Headroom is now available for the 1, 3, 6, 9 and 12 month terms, with $0.02630/kWh and $0.02763/kWh of likely headroom for the 9 and 12 month terms, respectively.
Over the last week, the APS ATC 12-month strip increased slightly, rising 2.1% to finish at $30.71/MWh yesterday. This time last year, the strip was trading at $35.82/MWh, which is approximately 16.6% higher than this year.
Since the beginning of the year, the ATC strip has reached a high of $38.76/MWh on January 17, 2019 and a low of $29.68/MWh on July 5, 2019.
For the week ending August 2, the EIA reported net injections from storage of 55 Bcf, which is higher than last year’s net injections of 46 Bcf for this week and higher than the 5-year (2014–18) average net injections of 43 Bcf.
Working natural gas in storage totaled 2,689 Bcf, which is 343 Bcf (14.6%) more than last year’s working gas totals of 2,346 Bcf at the same time and 111 Bcf (-4.0%) lower than the 5-year (2014-2018) average of 2,800 Bcf. Total working gas is within the five-year historical range.
Supply and Demand
Average total supply of natural gas increased 1% week/week. Dry natural gas production was up 1% while net imports with Canada decreased 9%.
Total US consumption of natural gas increased 1%. Consumption for power generation was up 3% week/week, industrial sector consumption decreased 2%, residential-commercial consumption increased 4%, and exports to Mexico increased 1%.
US LNG exports decreased week/week, with eight vessels departing US ports for a combined 29 Bcf.
ISO New England’s Inventoried Energy Program has gone into effect after FERC failed to act to block it. The initiative will compensate baseload generation, including coal and nuclear, for having on-site fuel supplies during winter months for the 2023-2024 and 2024-2025 capacity years. ISO-NE hopes this compensation will improve system reliability during strained winter periods, while opponents fear that the subsidized resources will depress capacity clearing prices and prevent unsubsidized resources from clearing. Additionally, the program does not compensate offshore wind resources, which enhance system reliability during cold weather according to an ISO-NE report released last December. The program costs will be allocated to load-serving entities.

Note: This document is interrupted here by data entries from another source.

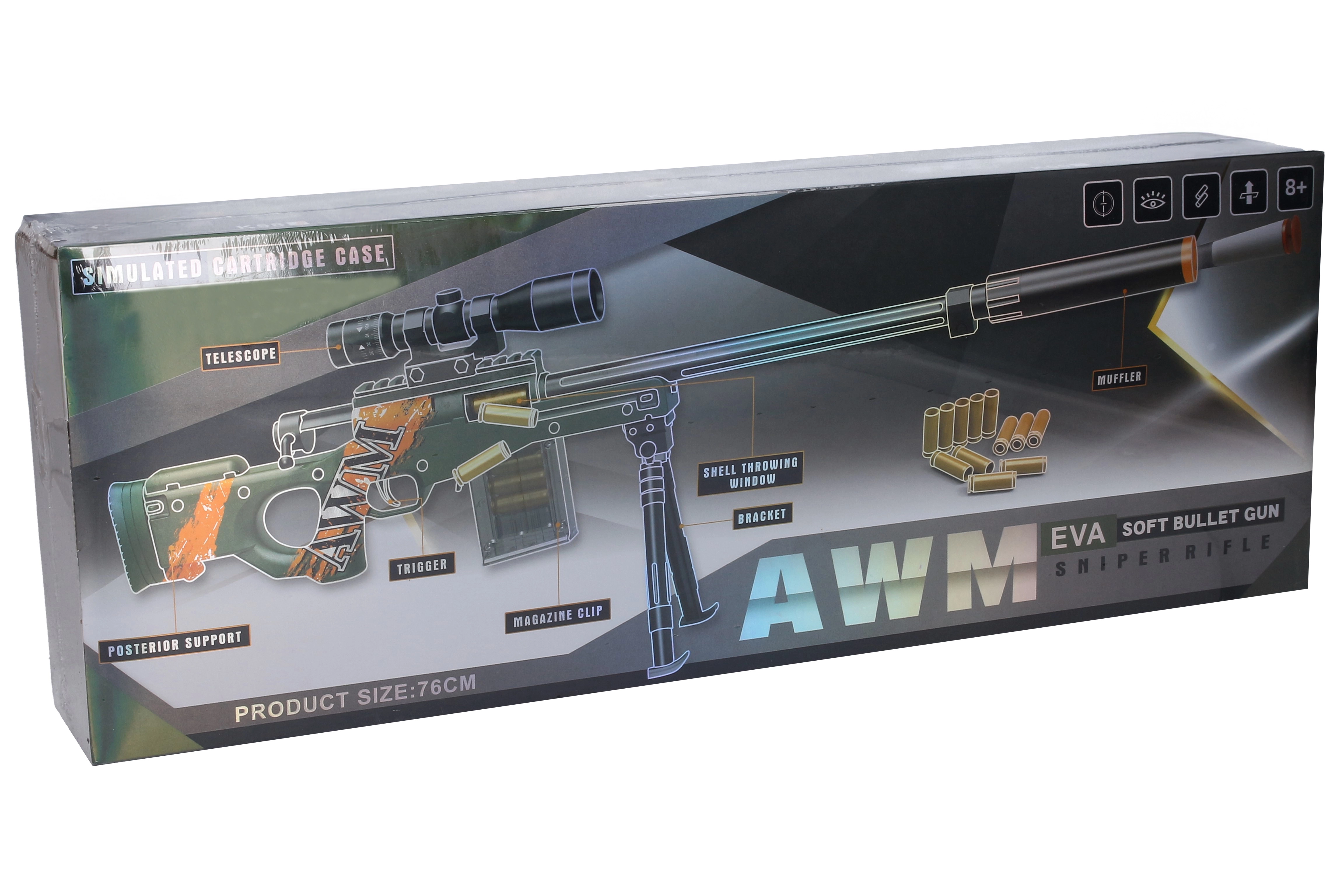 Realistična dječja puška inspirirana modelom AWM razveselit će male zaljubljenike u akcijske igre. Nudi rastavljivu konstrukciju, duljinu 76 cm, stalak, prigušivač i nišan za bolje ciljanje. U pakiranju se nalazi 10 patrona i 10 pjenastih metaka. Na stražnjoj strani pakiranja pronaći ćete slikovni priručnik za sastavljanje i korištenje.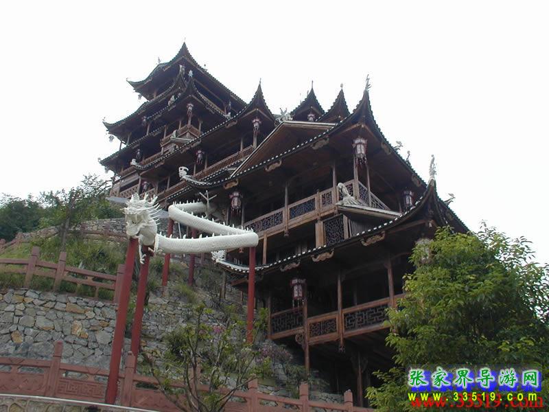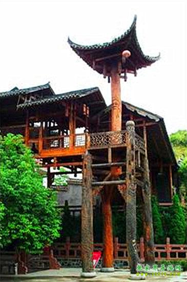 這棟樓高48米,9重12層,分三層天、三層地、三層水,所以叫九重天。全樓依山而建,為純木結(jié)構(gòu),沒(méi)有用一顆鐵釘,是目前世界上最高的一棟吊腳樓。有人這樣寫(xiě)道:“層層樓閣層層天,樓中游人賽神仙,君惹欲知迷宮樂(lè),興步漫攀九重天。”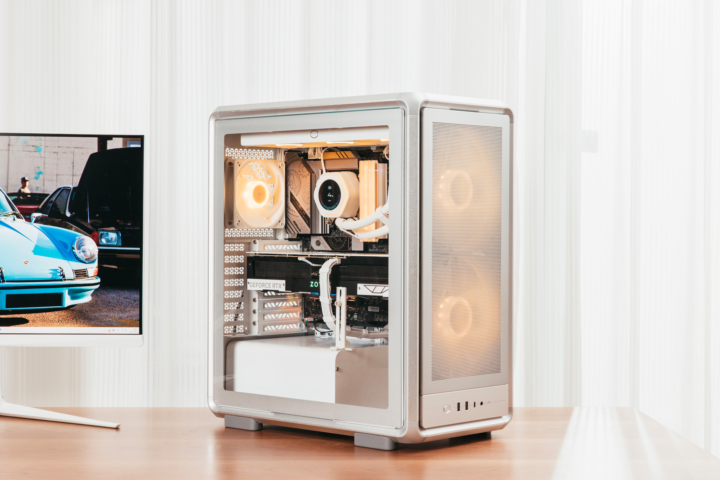 侧方位视角,能看到机箱八个角做了圆润处理,右侧金属玻璃侧板质感也有别于常规金属侧板。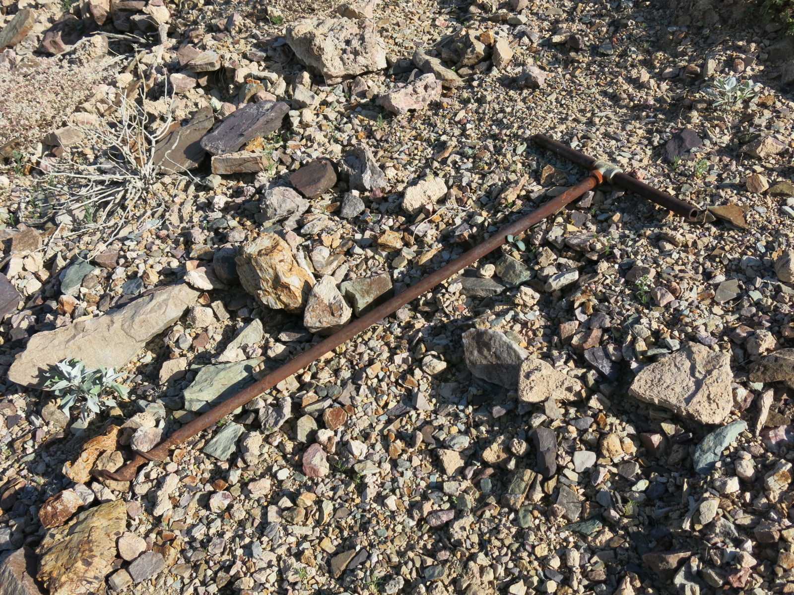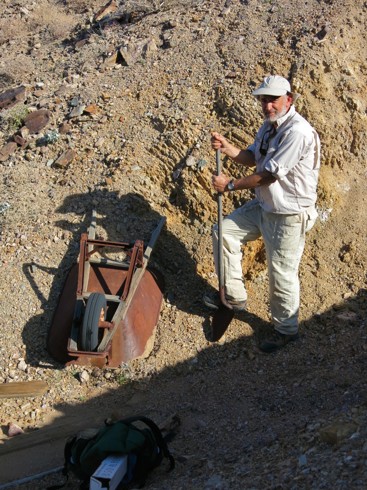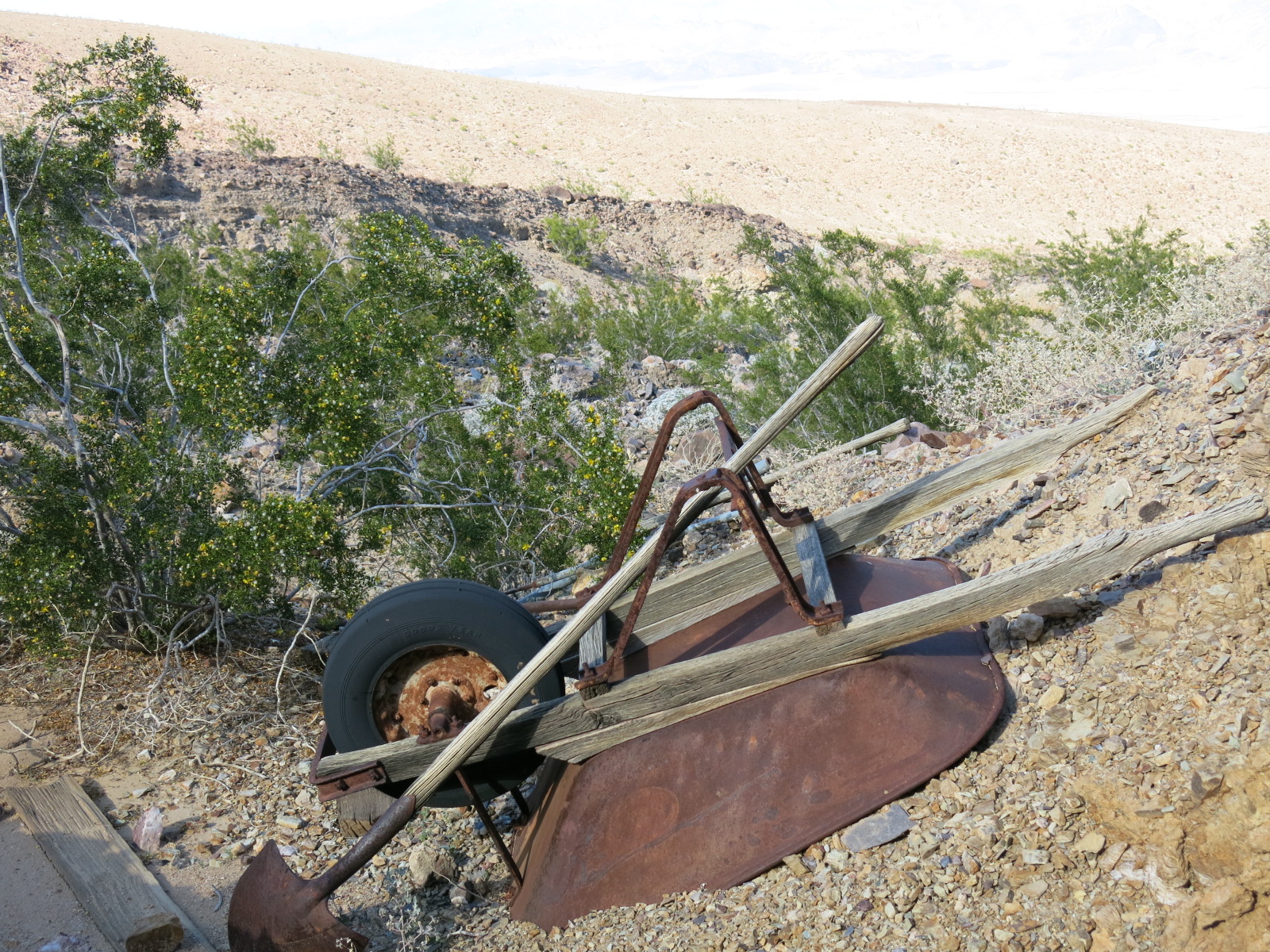 This mine can’t be too old–note the rubber tire. Having no name that we know of, we dub this the Wheelbarrow Mine.

A study by The Ohio State University and Cleveland State University found that electricity ratepayers in Ohio saved a total of $8.7 billion from 2016 through 2018 due to deregulation of retail electricity. These savings are realized through retail shopping, or customers finding a lower rate from a competitive retail electric supplier than the utility price-to-compare, and through lower prices in Standard Service Offering (SSO) Auctions, competitive auctions in which utilities procure electricity for their default service offering. According to the researchers, electricity prices have fallen in deregulated Midwestern states like Ohio and Pennsylvania while they have risen in neighboring regulated states like Indiana and Michigan. Importantly, the study claims that these savings may be jeopardized by subsidies to uncompetitive utility generation resources, which are funded through customer surcharges.
Above normal heat is forecasted to take hold over the bulk of the lower-48 in the 8-14 day window. A higher degree of probability for anomalous heat is in the Mid-Atlantic, New York, and New England, driving bullish risks to eastern power markets. Above normal precipitation risk also takes hold of most of the country, though the northeast is more likely to see normal rain levels.
Texas will share in the heat blast, though the more intense temperature anomalies will take place in the western half of the state. The key here might be the lack of rain, with exceptionally dry conditions allowing for elevated demand risks in ERCOT.